QNetwork

Parameters

class agilerl.networks.q_networks.QNetwork(*args, **kwargs)

Q Networks correspond to state-action value functions in deep reinforcement learning. From any given state, they predict the value of each action that can be taken from that state. By default, we build an encoder that extracts features from an input corresponding to the passed observation space using the AgileRL evolvable modules. The QNetwork then uses an EvolvableMLP as head to predict a value for each possible discrete action for the given state.

Parameters:
  • observation_space (spaces.Space) – Observation space of the environment.

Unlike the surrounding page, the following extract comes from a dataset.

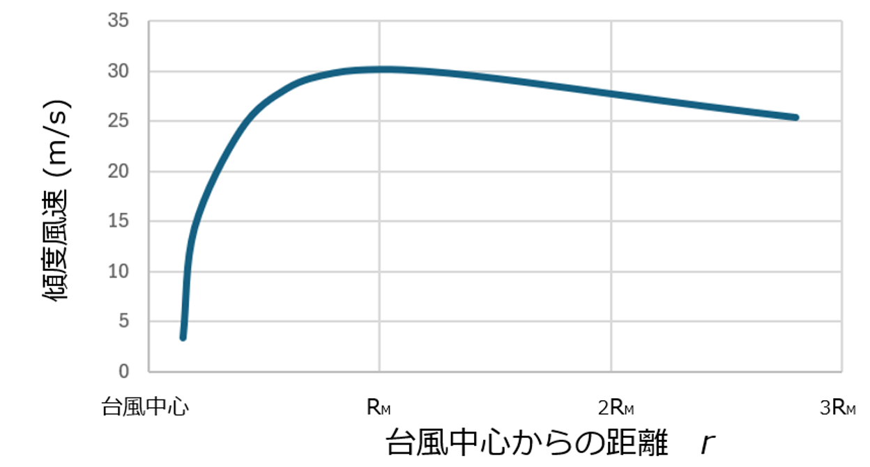 図 5 台風の中心からの距離と傾度風速の関係(1例)(弊社作成)
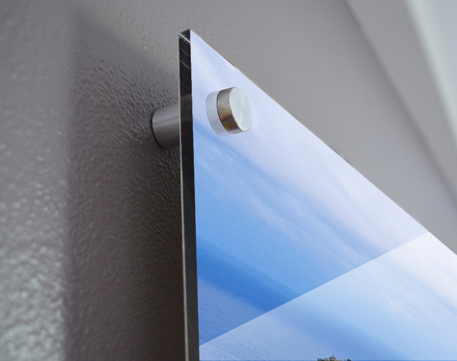 Printed to the edge - Ready to hang - provided with 4 premium polished aluminum stand off ( wall screws and mounting hardware provided ) We suggest a thicker 3/16" acrylic for any size over 42 inches to guarantee a straight acrylic, without curvature

  • action_space (DiscreteSpace) – Action space of the environment

  • encoder_cls (Optional[Union[str, Type[EvolvableModule]]]) – Encoder class to use for the network. Defaults to None, whereby it is automatically built using an AgileRL module according the observation space.

  • encoder_config (ConfigType) – Configuration of the encoder network.

  • head_config (Optional[ConfigType]) – Configuration of the network MLP head.

  • min_latent_dim (int) – Minimum dimension of the latent space representation. Defaults to 8.

  • max_latent_dim (int) – Maximum dimension of the latent space representation. Defaults to 128.

  • n_agents (Optional[int]) – Number of agents in the environment. Defaults to None, which corresponds to single-agent environments.

  • latent_dim (int) – Dimension of the latent space representation.

  • device (str) – Device to use for the network.

build_network_head(net_config: Dict[str, Any]) None

Builds the head of the network based on the passed configuration.

Parameters:

net_config (Dict[str, Any]) – Configuration of the network head.

forward(obs: Tensor | Dict[str, Tensor] | Tuple[Tensor, ...]) Tensor

Forward pass of the Q network.

Parameters:

obs (TorchObsType) – Input to the network.

Returns:

Output of the network.

Return type:

torch.Tensor

recreate_network() None

Recreates the network

RainbowQNetwork

Parameters

class agilerl.networks.q_networks.RainbowQNetwork(*args, **kwargs)

RainbowQNetwork is an extension of the QNetwork that incorporates the Rainbow DQN improvements from “Rainbow: Combining Improvements in Deep Reinforcement Learning” (Hessel et al., 2017).

Paper: https://arxiv.org/abs/1710.02298

Parameters:
  • observation_space (spaces.Space) – Observation space of the environment.

  • action_space (DiscreteSpace) – Action space of the environment

  • encoder_cls (Optional[Union[str, Type[EvolvableModule]]]) – Encoder class to use for the network. Defaults to None, whereby it is automatically built using an AgileRL module according the observation space.

  • encoder_config (ConfigType) – Configuration of the encoder network.

  • support (torch.Tensor) – Support for the distributional value function.

  • num_atoms (int) – Number of atoms in the distributional value function. Defaults to 51.

  • head_config (Optional[ConfigType]) – Configuration of the network MLP head.

  • min_latent_dim (int) – Minimum dimension of the latent space representation. Defaults to 8.

  • max_latent_dim (int) – Maximum dimension of the latent space representation. Defaults to 128.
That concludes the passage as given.